Problem
What must be written out is each line from the one holding "Nam 21/6. |" through the end of the records, word for word, minus any pictures.

Data extract

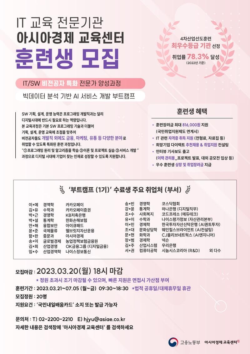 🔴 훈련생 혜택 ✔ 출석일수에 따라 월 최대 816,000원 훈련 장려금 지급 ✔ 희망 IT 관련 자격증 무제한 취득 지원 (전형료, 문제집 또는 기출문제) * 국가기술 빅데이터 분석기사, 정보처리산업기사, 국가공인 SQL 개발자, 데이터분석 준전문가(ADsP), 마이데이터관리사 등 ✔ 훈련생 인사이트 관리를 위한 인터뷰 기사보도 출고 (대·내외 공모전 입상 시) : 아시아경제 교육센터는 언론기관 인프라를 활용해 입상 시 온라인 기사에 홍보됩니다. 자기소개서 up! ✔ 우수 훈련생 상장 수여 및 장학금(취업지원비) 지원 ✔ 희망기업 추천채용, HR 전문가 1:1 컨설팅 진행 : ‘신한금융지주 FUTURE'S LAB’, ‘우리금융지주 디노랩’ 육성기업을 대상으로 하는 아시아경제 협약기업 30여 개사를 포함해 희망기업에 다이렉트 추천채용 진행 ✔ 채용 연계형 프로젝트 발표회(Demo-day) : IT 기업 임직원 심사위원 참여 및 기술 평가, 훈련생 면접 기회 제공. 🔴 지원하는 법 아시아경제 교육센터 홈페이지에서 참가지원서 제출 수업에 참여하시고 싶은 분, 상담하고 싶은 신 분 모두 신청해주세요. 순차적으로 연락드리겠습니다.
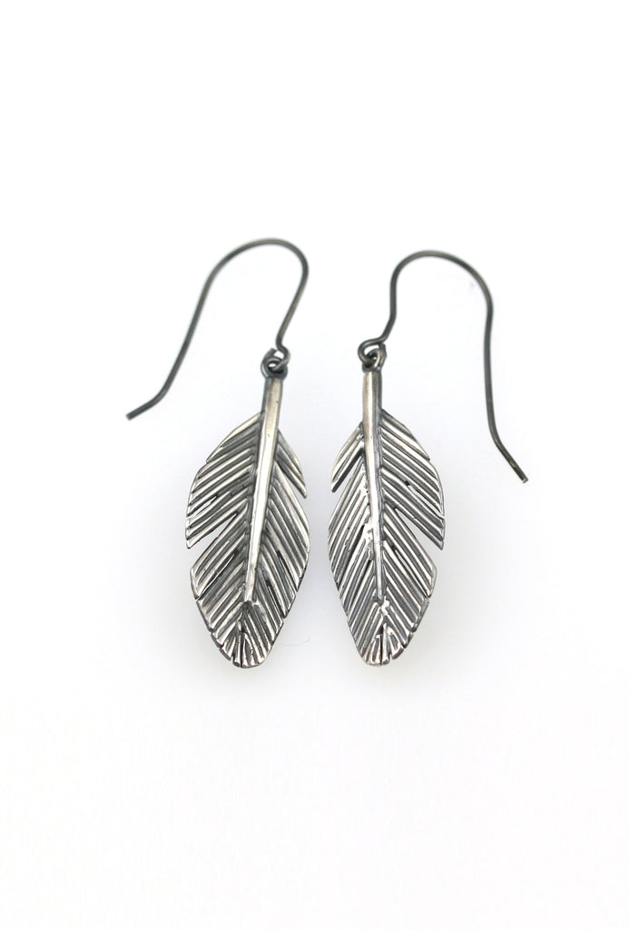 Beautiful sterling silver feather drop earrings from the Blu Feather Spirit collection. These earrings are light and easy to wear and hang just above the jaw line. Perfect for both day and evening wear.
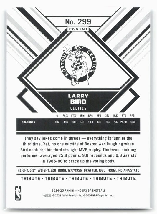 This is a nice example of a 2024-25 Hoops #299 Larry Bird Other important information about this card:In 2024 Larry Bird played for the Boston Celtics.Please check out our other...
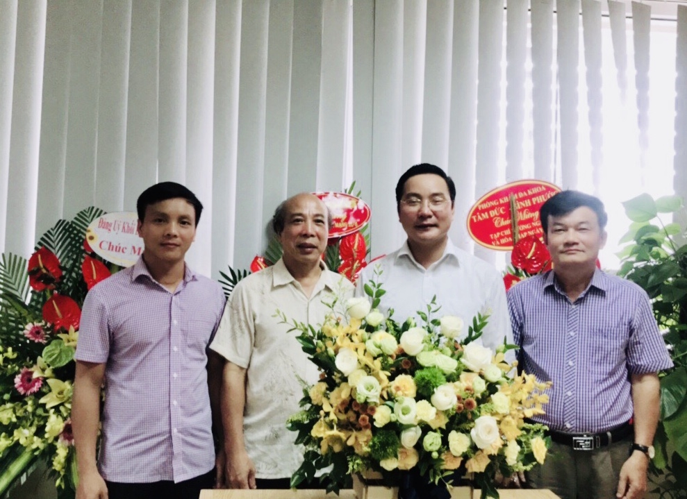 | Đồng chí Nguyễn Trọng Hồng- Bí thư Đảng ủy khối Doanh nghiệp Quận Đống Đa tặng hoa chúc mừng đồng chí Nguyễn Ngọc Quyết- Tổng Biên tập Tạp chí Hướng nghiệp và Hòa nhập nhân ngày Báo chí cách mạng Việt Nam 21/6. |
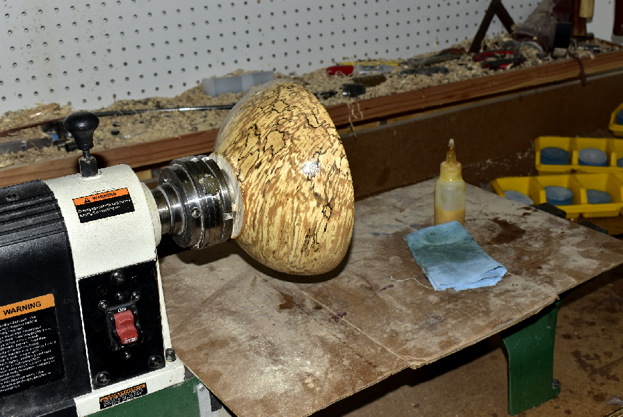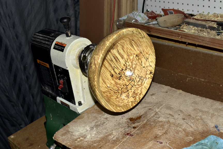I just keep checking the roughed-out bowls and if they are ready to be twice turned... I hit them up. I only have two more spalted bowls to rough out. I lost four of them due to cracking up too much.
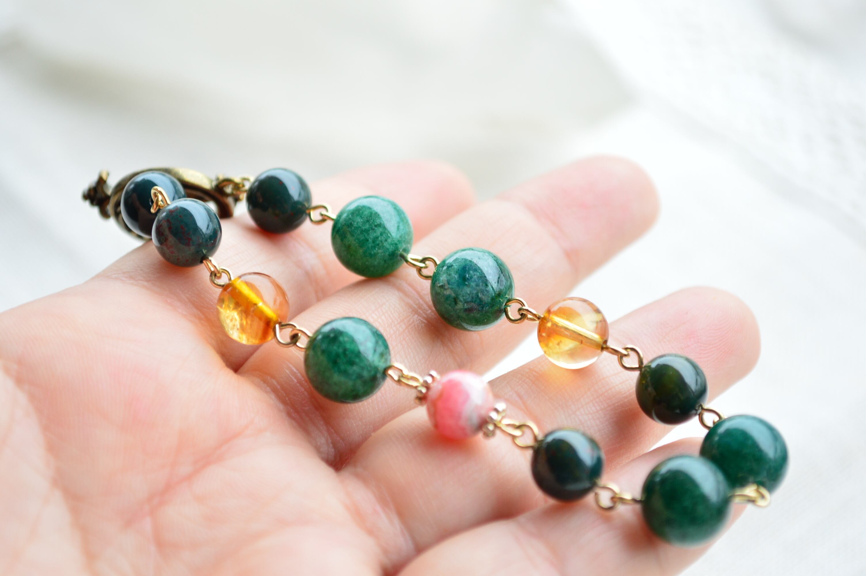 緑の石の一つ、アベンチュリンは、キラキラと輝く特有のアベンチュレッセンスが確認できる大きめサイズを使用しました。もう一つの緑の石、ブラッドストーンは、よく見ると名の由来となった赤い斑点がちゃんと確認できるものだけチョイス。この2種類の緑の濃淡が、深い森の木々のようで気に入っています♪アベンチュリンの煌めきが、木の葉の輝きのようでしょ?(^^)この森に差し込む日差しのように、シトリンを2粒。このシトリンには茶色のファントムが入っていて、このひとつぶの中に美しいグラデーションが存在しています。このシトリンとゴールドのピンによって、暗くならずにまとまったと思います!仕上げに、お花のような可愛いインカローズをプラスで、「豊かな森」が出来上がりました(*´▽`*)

Task result
 | Đồng chí Nguyễn Trọng Hồng- Bí thư Đảng ủy khối Doanh nghiệp Quận Đống Đa tặng hoa chúc mừng đồng chí Nguyễn Ngọc Quyết- Tổng Biên tập Tạp chí Hướng nghiệp và Hòa nhập nhân ngày Báo chí cách mạng Việt Nam 21/6. |
I just keep checking the roughed-out bowls and if they are ready to be twice turned... I hit them up. I only have two more spalted bowls to rough out. I lost four of them due to cracking up too much.
 緑の石の一つ、アベンチュリンは、キラキラと輝く特有のアベンチュレッセンスが確認できる大きめサイズを使用しました。もう一つの緑の石、ブラッドストーンは、よく見ると名の由来となった赤い斑点がちゃんと確認できるものだけチョイス。この2種類の緑の濃淡が、深い森の木々のようで気に入っています♪アベンチュリンの煌めきが、木の葉の輝きのようでしょ?(^^)この森に差し込む日差しのように、シトリンを2粒。このシトリンには茶色のファントムが入っていて、このひとつぶの中に美しいグラデーションが存在しています。このシトリンとゴールドのピンによって、暗くならずにまとまったと思います!仕上げに、お花のような可愛いインカローズをプラスで、「豊かな森」が出来上がりました(*´▽`*)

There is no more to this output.